This continued as we headed deeper into the jungle. The creek got narrower and narrower. Feeder creeks joined the main channel and then split off again into marshes and swamps. White herons swooped and glided above the water in spaces where the trees didn't block a view of the sky. Downed trees occasionally made navigation a challenge and on more than one occasion Charlie had to tell us to "Duck" as we pushed under a low hanging vine or tree.

At 10:15 all hell broke loose on my left hand side. I was sipping on a bottle of water that was held in my right hand. My left hand was holding my rod with the Calcutta's drag dialled up to the max when the fish hit the green and white bargain bin deep diver attached to the end of the line. The butt of the rod hit me in the ribs and lodged under my left arm, the arm was pulled straight and the rod threatened to jump from my hands. I knew this was no snag as they give you time to react! "Fish On" was yelled out through the jungle and I struggled to my feet trying to lift the rod and pull the fishes head out of the snag that he had crawled out of to attack my $3 special. Charlie's yelling at me "Pump and wind, pump and wind!" but the fish was resisting my efforts to lift the rod and all I could feel coming up the braid was this amazing vibration as the fish surged and lunged for the cover it so desperately sought.
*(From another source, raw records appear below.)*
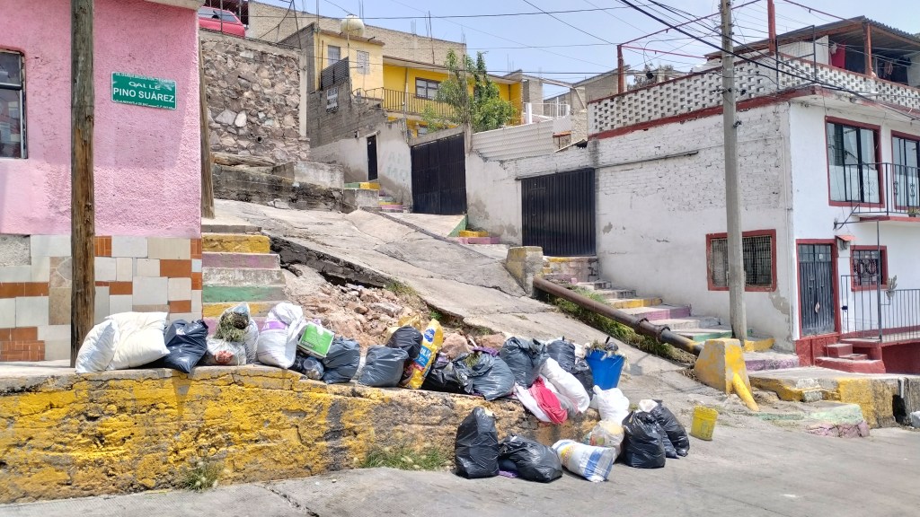 Tony Rodríguez, habitantes de la colonia Ex Ejidos de San Lucas Patoni, de las calles Pino Suárez, Esq. Emiliano Zapata, amenazan con llevar la basura a tus oficinas de Palacio en Tlalnepantla, tras la nula recolección de basura.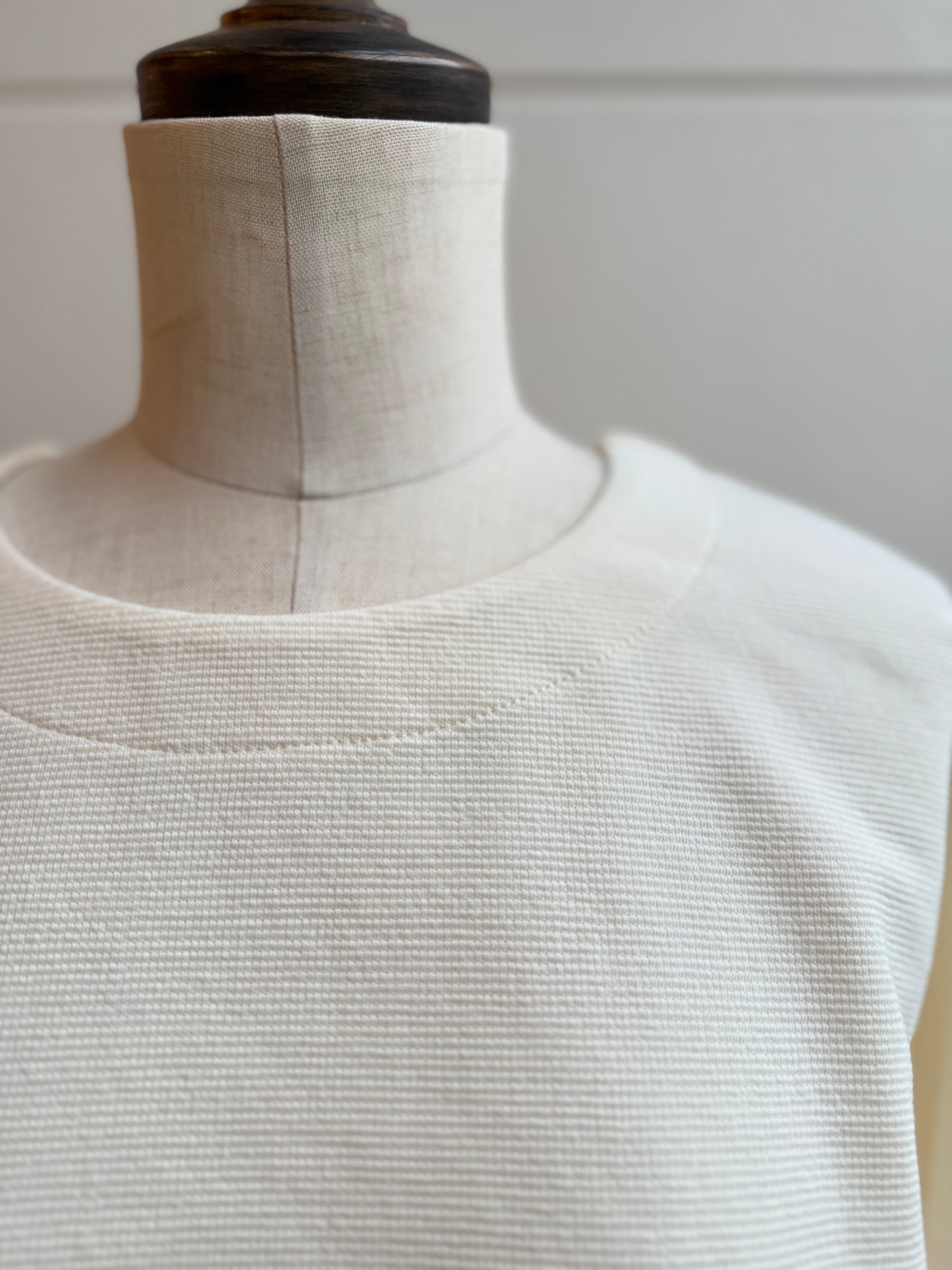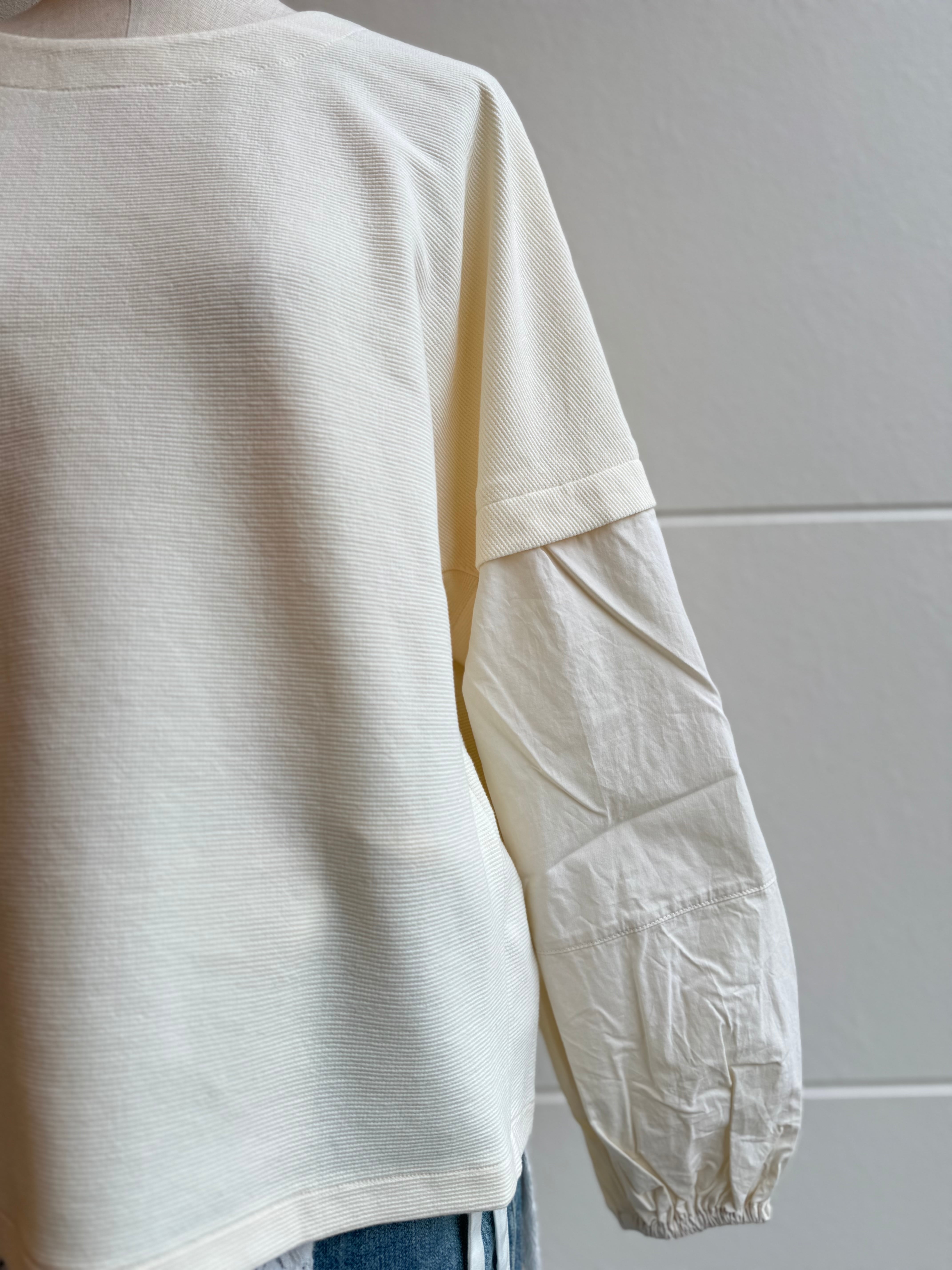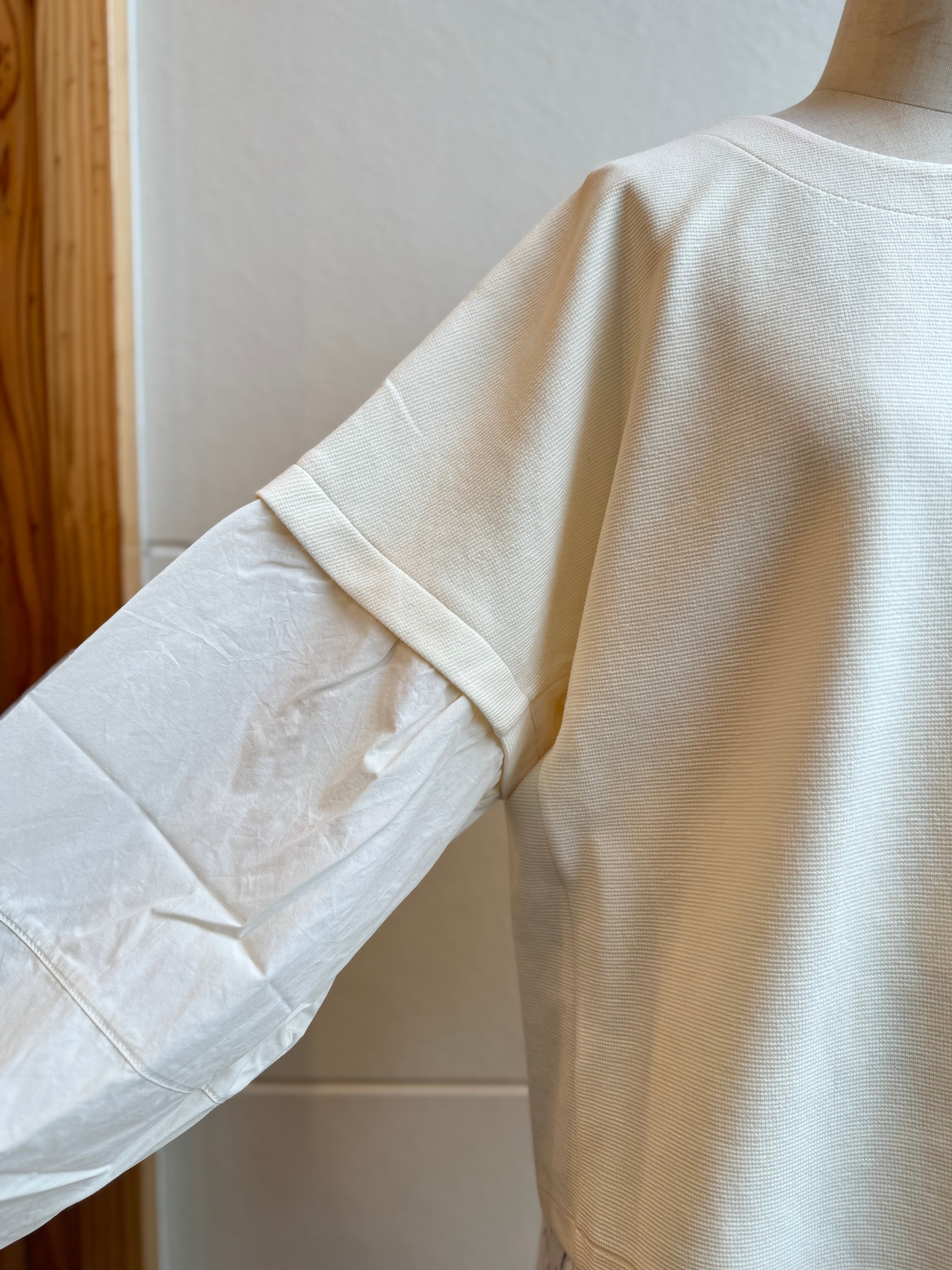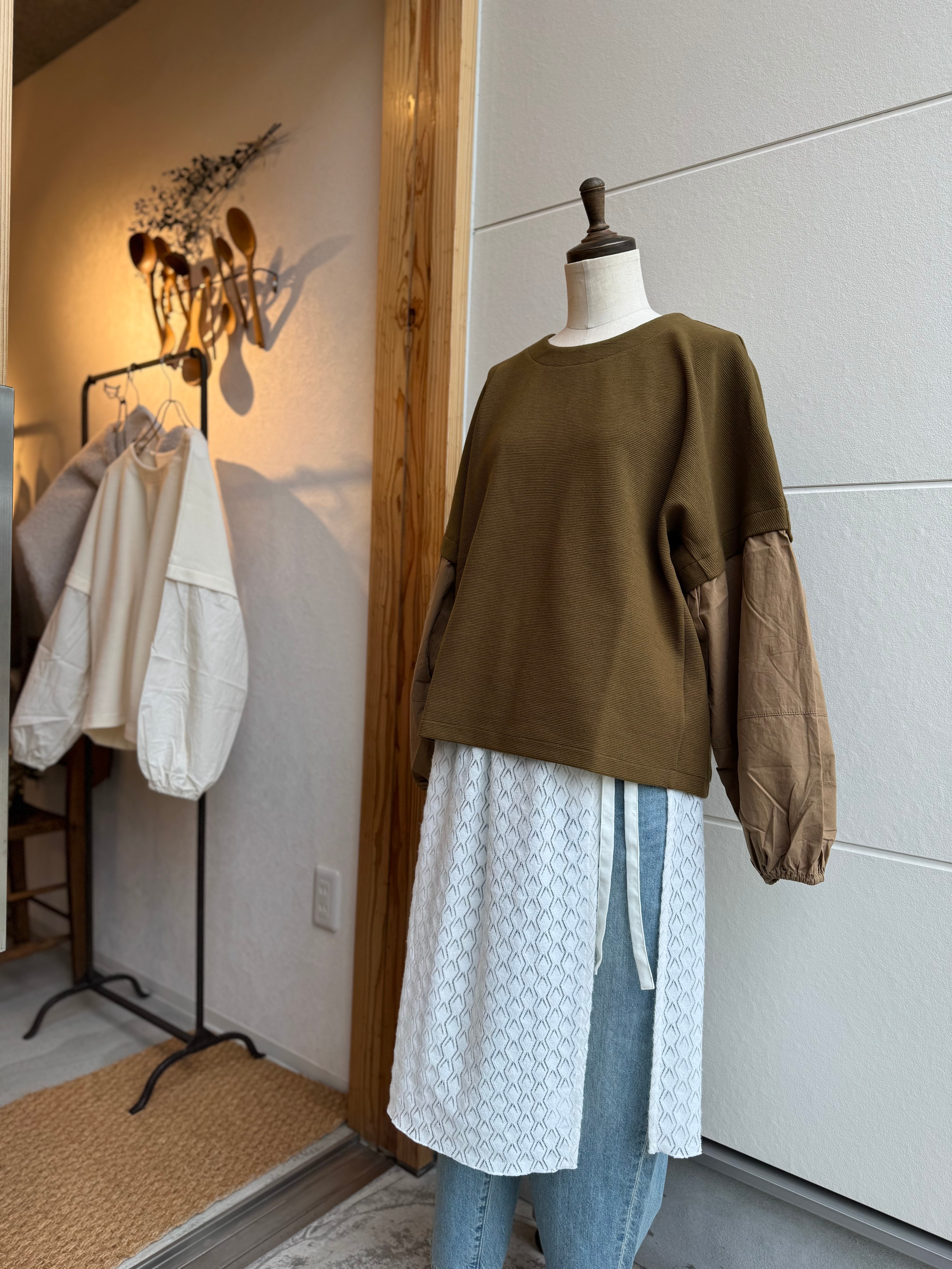 ふんわりコットンスリーブに表情のあるカットソーを組み合わせたコンビネーションデザインのプルオーバーです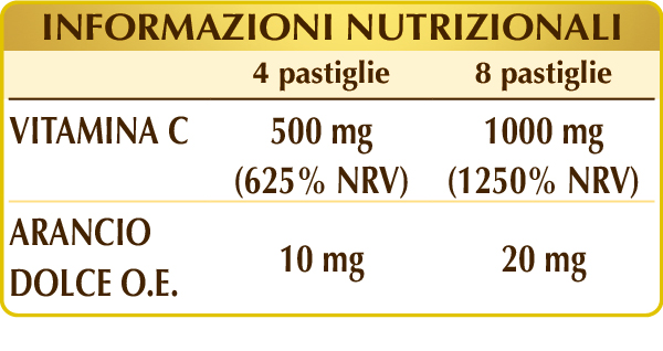 Vitamina C (palmitato di ascorbile), maltodestrine da mais o riso, cellulosa microcristallina°, gomma arabica°, magnesio stearato di origine vegetale°°; aroma naturale: arancio dolce (Citrus aurantium var. sinensis o dulcis) scorze dei frutti O.E.

The reel stopped releasing line against full drag after about 5 seconds and I got my first wrap of line back soon after. It was taken away again VERY quickly with interest! Getting these fish out of 10-12 feet of snag strewn water really is a test of strength and will. I'm not real strong but geez was I determined this fish wasn't going to win. I finally got my nerves, brain and muscles to work together and the pump and wind started with the occasional bit of rod steering to keep the fish from darting into the bankside logs and vines. It felt like forever but was probably only 5 minutes or so and around 18lbs of Papuan Black Bass slid into the net. I was whooping like a school kid on the last day of school. Ben claims my voice went up a couple of octaves. A solid green/yellow fish with darker markings gazed up at me from the net. A little smaller than last year's 20lb PB this fish had been a very worthy opponent and a great way to reacquaint myself with this superb species.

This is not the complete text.